● **DATA SECTION**
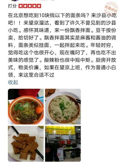 一条来自2018年的评价便显示:“来望京溜达,看到了许久不曾见到的沙县小吃。感怀其味道,来一份飘香拌面。豆干按份卖,给切好了。飘香拌面其实是麻酱和酱油的调料,面条类似挂面,一起拌起来吃。年轻时穷,觉得吃这个也很开心,现在嘴叼了,再也吃不出美味的感觉了。”
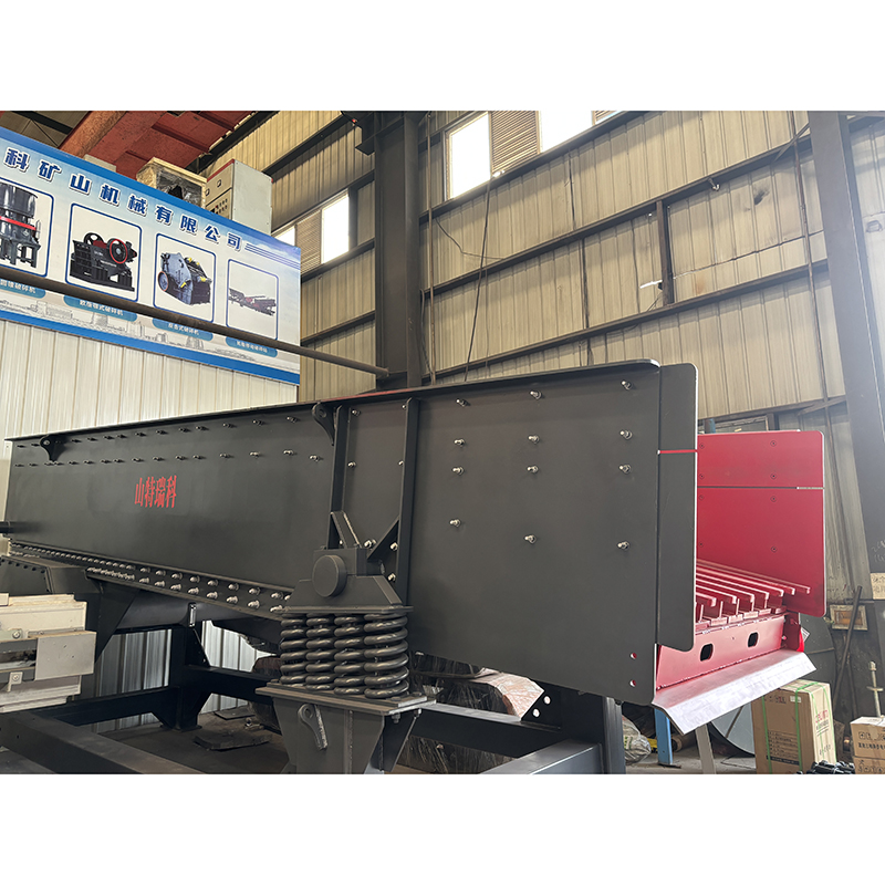 Вибрационный питатель Sandreck — это автоматическое оборудование для подачи. Двигатель приводит в движение ведущий вал через клиновой ремень, а затем приводит во вращение ведомый вал, зацепляющийся с шестерней на ведущем валу. Ведущий и ведомый валы вращаются в противоположных направлениях одновременно, заставляя желоб вибрировать, а материал течь непрерывно, тем самым достигая цели транспортировки материалов. Он может равномерно, регулярно и непрерывно подавать блочные и гранулированные материалы из бункера-накопителя в приемное устройство. В линии по производству песка и гравия он может непрерывно и равномерно подавать в дробилку и выполнять грубое просеивание материалов. Он широко используется в металлургии, угольной промышленности, переработке полезных ископаемых, производстве строительных материалов, химической промышленности и других отраслях.
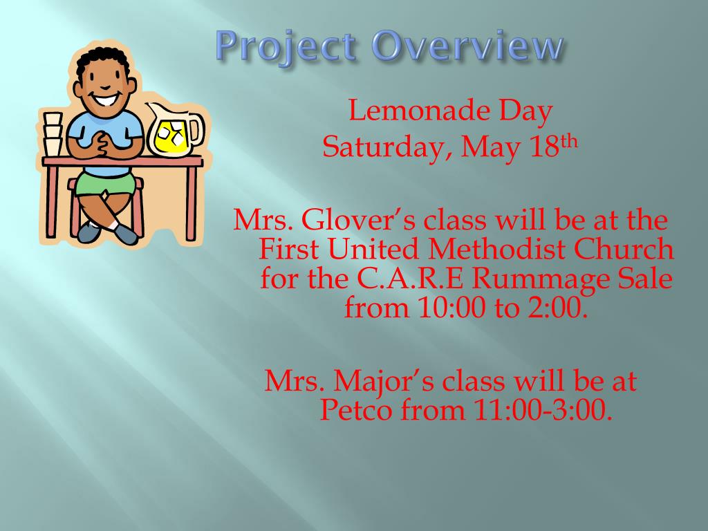 Project Overview Lemonade Day Saturday, May 18th Mrs. Glover’s class will be at the First United Methodist Church for the C.A.R.E Rummage Sale from 10:00 to 2:00. Mrs. Major’s class will be at Petco from 11:00-3:00.
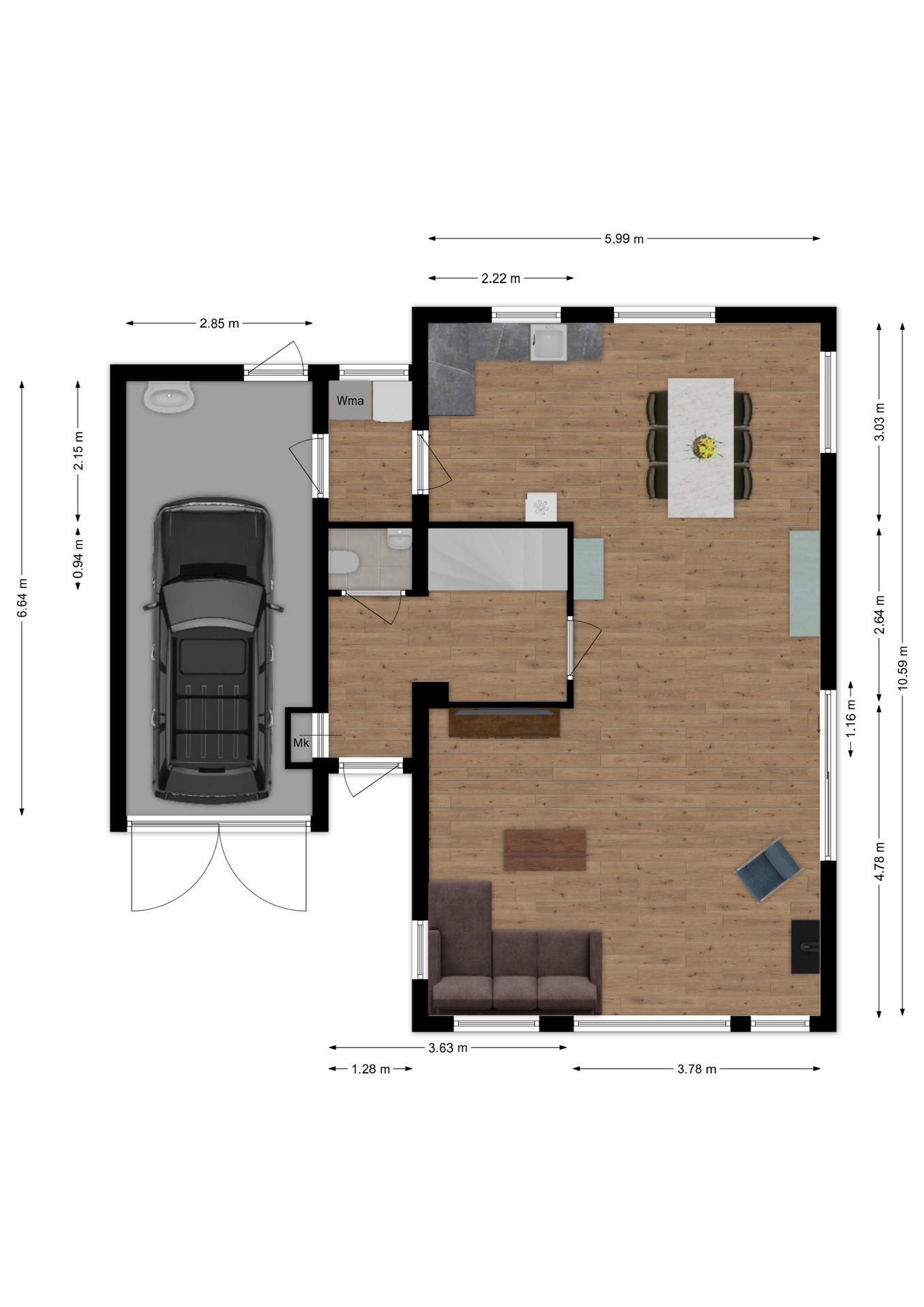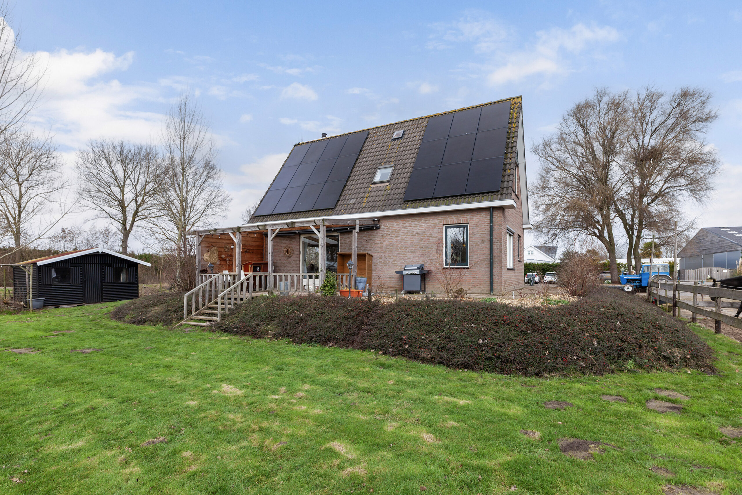 In de garage (circa 6.64 x 2.85m) kunt u uw auto parkeren doordat er twee openslaande deuren zijn aan de voorzijde, maar het biedt ook juist plaats voor het opbergen van jassen en schoenen e.d. Hier is ook de pomp van de vloerverwarming, omvormer van de 21 zonnepanelen, een wasbak en een radiator. Via de achterdeur nemen we een kijken rondom de woning, gaat u mee?
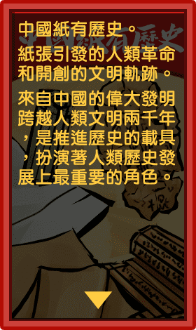 造紙術是中國的四大發明之一,傳遍世界,促進了文化交流與教育的普及,深深影響世界文明發展過程,是一項重大的貢獻。蔡倫是中國漢代人,也是古代造紙術的發明人。
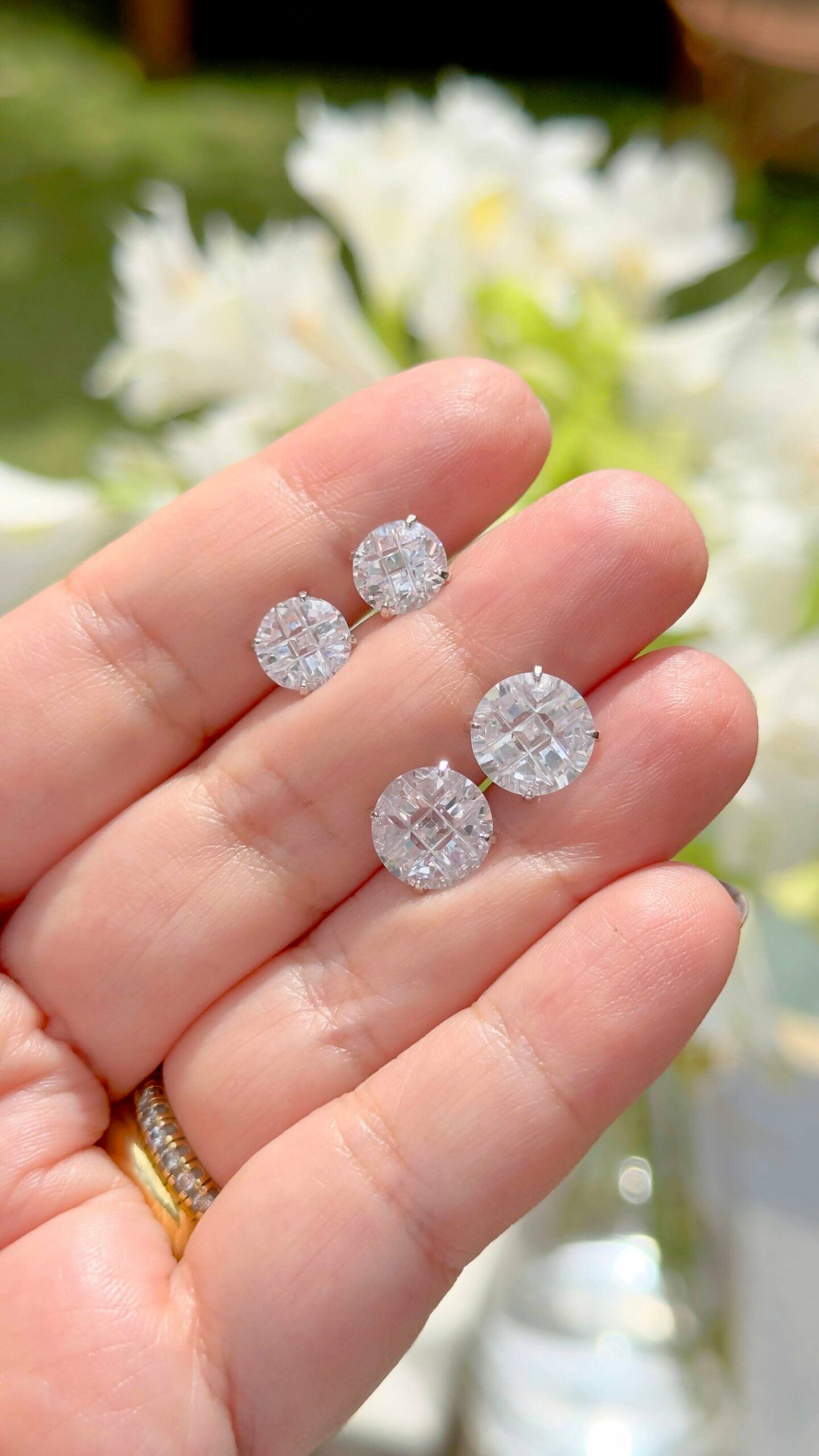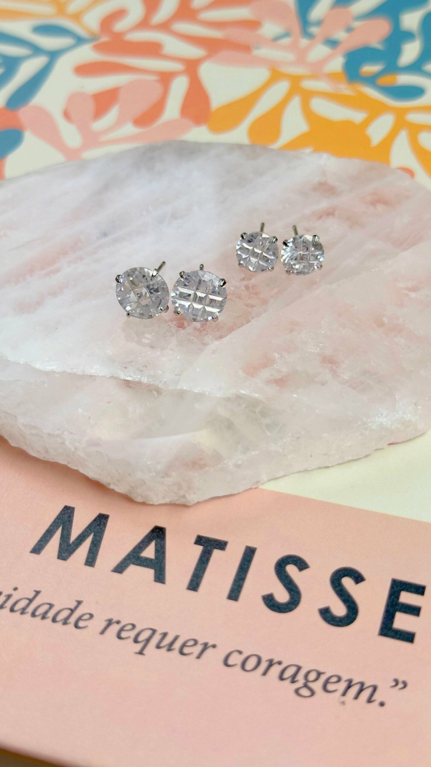 Duo de Brincos Ponto de Luz em Zircônia Branca Banhado em Ródio Branco
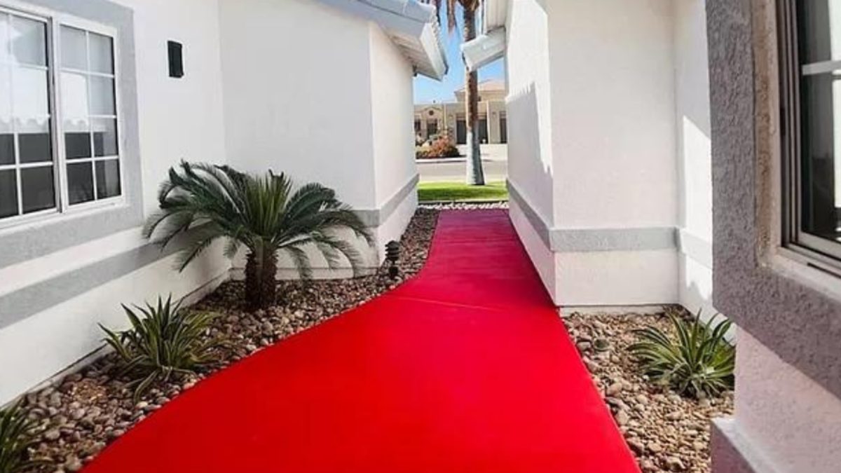 A unique California property that features its very own red carpet has recently hit the market. According to Zillow, the "Diva House" is located at 79124 Lake Club Drive in Indio California. It features four-bedrooms and three-bathrooms as well as private pool, spa, and seven car garage. One of the most interesting aspects about the space is what covers the walls. Each room features a variety of hand painted figures that pay tribute to fabulous female music industry icons.
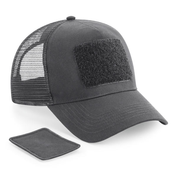 100% katoen voor voorpaneel en zonneklep. Achterpanelen in mesh van 100% polyester. Verwisselbare Rip-Strip™ patch voor decoratie. 5 panelen. Voorgevormde zonneklep. Regelbaar met plastic retrotong. Snapback. Afneembaar TearAway-etiket, makkelijk opnieuw te labelen.
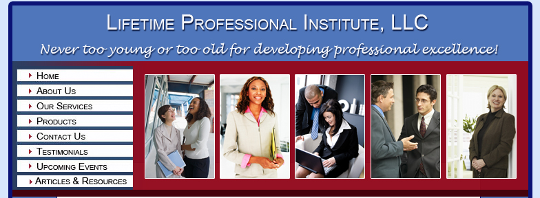 Click here to register for workshopsLifetime Professional Institute, LLC is a personal and professional training organization developed to help you obtain the secrets to success by mastering the important social skills in your personal and professional life.Enhance your image by developing and refining your social skills, improving your self-confidence, and building successful relationships. Lifetime Professional Institute offers interactive, informative, customized seminars and workshops designed to enhance the image of individuals at all ages. Seminars and workshops may vary from a one-hour keynote to a two-day program. Participants will leave fortified with tools and tips to turn their lives around. |

● **REQUIRED ACTION**
Please reproduce the entries from above exactly; images are not part of the copy.

● **EXPECTED OUTPUT**
 一条来自2018年的评价便显示:“来望京溜达,看到了许久不曾见到的沙县小吃。感怀其味道,来一份飘香拌面。豆干按份卖,给切好了。飘香拌面其实是麻酱和酱油的调料,面条类似挂面,一起拌起来吃。年轻时穷,觉得吃这个也很开心,现在嘴叼了,再也吃不出美味的感觉了。”
 Вибрационный питатель Sandreck — это автоматическое оборудование для подачи. Двигатель приводит в движение ведущий вал через клиновой ремень, а затем приводит во вращение ведомый вал, зацепляющийся с шестерней на ведущем валу. Ведущий и ведомый валы вращаются в противоположных направлениях одновременно, заставляя желоб вибрировать, а материал течь непрерывно, тем самым достигая цели транспортировки материалов. Он может равномерно, регулярно и непрерывно подавать блочные и гранулированные материалы из бункера-накопителя в приемное устройство. В линии по производству песка и гравия он может непрерывно и равномерно подавать в дробилку и выполнять грубое просеивание материалов. Он широко используется в металлургии, угольной промышленности, переработке полезных ископаемых, производстве строительных материалов, химической промышленности и других отраслях.
 Project Overview Lemonade Day Saturday, May 18th Mrs. Glover’s class will be at the First United Methodist Church for the C.A.R.E Rummage Sale from 10:00 to 2:00. Mrs. Major’s class will be at Petco from 11:00-3:00.
 In de garage (circa 6.64 x 2.85m) kunt u uw auto parkeren doordat er twee openslaande deuren zijn aan de voorzijde, maar het biedt ook juist plaats voor het opbergen van jassen en schoenen e.d. Hier is ook de pomp van de vloerverwarming, omvormer van de 21 zonnepanelen, een wasbak en een radiator. Via de achterdeur nemen we een kijken rondom de woning, gaat u mee?
 造紙術是中國的四大發明之一,傳遍世界,促進了文化交流與教育的普及,深深影響世界文明發展過程,是一項重大的貢獻。蔡倫是中國漢代人,也是古代造紙術的發明人。
 Duo de Brincos Ponto de Luz em Zircônia Branca Banhado em Ródio Branco
 A unique California property that features its very own red carpet has recently hit the market. According to Zillow, the "Diva House" is located at 79124 Lake Club Drive in Indio California. It features four-bedrooms and three-bathrooms as well as private pool, spa, and seven car garage. One of the most interesting aspects about the space is what covers the walls. Each room features a variety of hand painted figures that pay tribute to fabulous female music industry icons.
 100% katoen voor voorpaneel en zonneklep. Achterpanelen in mesh van 100% polyester. Verwisselbare Rip-Strip™ patch voor decoratie. 5 panelen. Voorgevormde zonneklep. Regelbaar met plastic retrotong. Snapback. Afneembaar TearAway-etiket, makkelijk opnieuw te labelen.
 Click here to register for workshopsLifetime Professional Institute, LLC is a personal and professional training organization developed to help you obtain the secrets to success by mastering the important social skills in your personal and professional life.Enhance your image by developing and refining your social skills, improving your self-confidence, and building successful relationships. Lifetime Professional Institute offers interactive, informative, customized seminars and workshops designed to enhance the image of individuals at all ages. Seminars and workshops may vary from a one-hour keynote to a two-day program. Participants will leave fortified with tools and tips to turn their lives around. |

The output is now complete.